Washington: In a new study, a group of investigators may have uncovered the key to the variation in the speed of AIDS progression among slow progressors with a gene called HLA-B*57 (B57).
HLA-B*57 (B57) is an immune gene variant that is found in less than 5 percent of the general population but in 40 to 85 percent of slow progressors.
According to investigators from the Multi-Center AIDS Cohort Study (MACS), a killer T-cell immune response that occurs early on in HIV infection and targets a section — or epitope — of the HIV protein called IW9.
“Since the hope for a vaccine is that it would elicit immune control, the thought has been that understanding how B57 protection works would yield helpful lessons and principles for vaccine design,” Catherine Brennan, lead author of the study, said.
“There have been a lot of efforts to understand how the immune response to HIV in B57 carriers is superior to the response in non-B57 carriers, but it has been hard to nail anything down conclusively,” Brennan said.
HLA-B genes are known to work by activating killer T cells that recognize unique sections of proteins, or epitopes, but it has been a mystery which section or sections of HIV protein HLA-B57 and the killer T cells work through.

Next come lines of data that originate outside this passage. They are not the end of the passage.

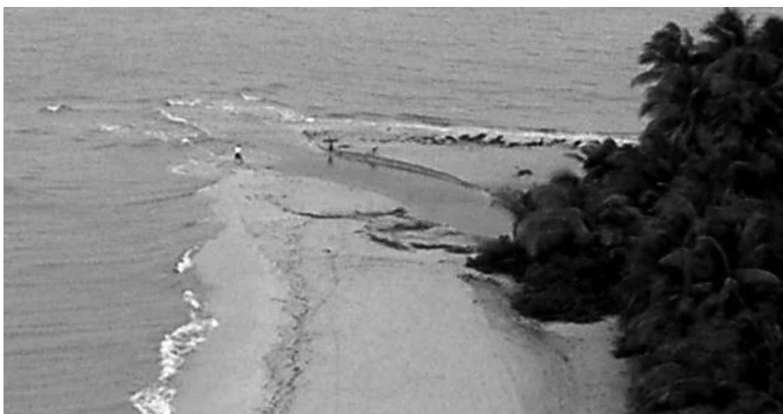
Figure 3 | Mata de Plátano creek draining into Costa Azul beach after breaching sand bar and receiving raw wastewater discharges from pumping station bypass flows.
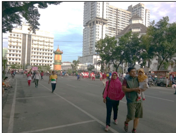
Figure 6. Potential Gateway District activities in Medan Merdeka Square

Provision of facilities for public street furniture such as seats (Figure 7) and decorative lighting city room accommodates enjoyment activities with visual treat towards the historical buildings, under the shade of a big tamarind tree, street musicians show with thematic exhibitions and special snacks treats the city of Medan. This city open space can be used also for the activities of the souvenir center that will strengthen memories the city of Medan.
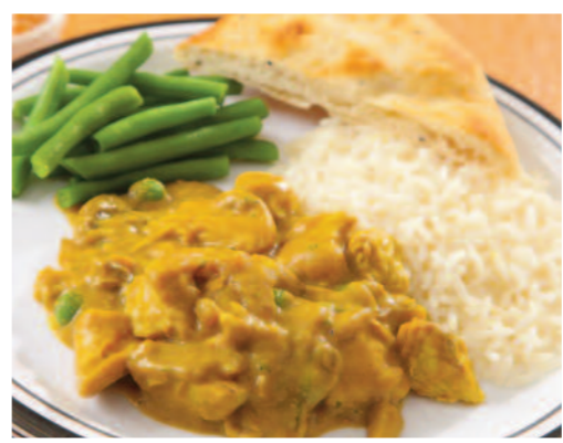
Chinese Chicken Curry served with Rice, Naan Bread & Seasonal Vegetables
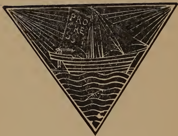
"Progress," by Eric Gill
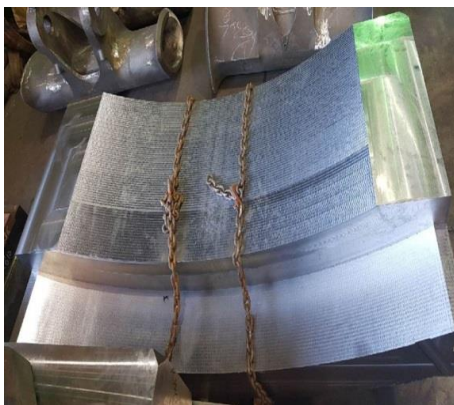
Fig. 4. Specimen of RV Flange.

Previous research had largely focused on the killer T-cell response after several years of infection. However, Beth D. Jamieson, a professor of medicine at the Geffen School of Medicine and the study’s principal investigator, believes that the most critical responses are likely to occur early during infection, when the T cells are still strong and can reduce the number of places where HIV hides out in the human body.

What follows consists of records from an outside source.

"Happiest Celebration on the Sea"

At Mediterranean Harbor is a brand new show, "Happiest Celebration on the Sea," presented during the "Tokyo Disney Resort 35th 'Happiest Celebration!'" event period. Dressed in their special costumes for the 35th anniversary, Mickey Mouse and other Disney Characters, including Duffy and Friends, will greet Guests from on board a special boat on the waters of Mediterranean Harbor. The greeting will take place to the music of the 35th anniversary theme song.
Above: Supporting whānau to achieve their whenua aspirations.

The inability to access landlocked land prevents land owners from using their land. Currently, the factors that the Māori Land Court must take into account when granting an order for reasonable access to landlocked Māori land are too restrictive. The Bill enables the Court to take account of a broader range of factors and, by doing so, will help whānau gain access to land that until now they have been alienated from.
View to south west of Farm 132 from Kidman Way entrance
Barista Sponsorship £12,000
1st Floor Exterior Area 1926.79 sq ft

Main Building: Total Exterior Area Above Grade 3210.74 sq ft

Researchers have studied the immune response in the early months of infection, but since it is not easy to predict at early stages which people will ultimately become slow progressors, correlating early immune responses with long-term outcomes has been difficult.
“What made this kind of study possible for us is the Multicenter AIDS Cohort Study, which is an incredible longitudinal study,” Brennan said.
The MACS has been freezing blood samples every six months since 1984 from thousands of men either at risk of HIV infection or already infected.
“The size and duration of the study, along with the careful documentation of participant health and stewardship of frozen samples, allowed us to recover blood samples taken shortly after HIV infection from 14 HLA-B57 carriers with known infection dates and known long-term outcomes,” Brennan said.
“This allowed us to correlate early immune responses with long-term outcomes,” she said.
It was important to the researchers to compare only the killer T-cell responses among those with the B57 gene variant, instead of comparing the responses of those with and without B57. Although B57 carriers have, on average, much better prognoses than non-carriers, there is tremendous variability among the population, and not all do well, Jamieson said.
“Since possession of the B57 variant is not sufficient, we wanted to determine what specific immune events in B57 carriers are associated with immune control of the virus,” she said.
“We found that those who targeted the IW9 epitope early in infection had significantly longer times until onset of AIDS than those who did not. The finding that targeting of IW9 seems to be important is novel, as this epitope had been overlooked in many earlier studies of B57 and HIV,” Brenna added.
The study has been published in the Journal of Virology.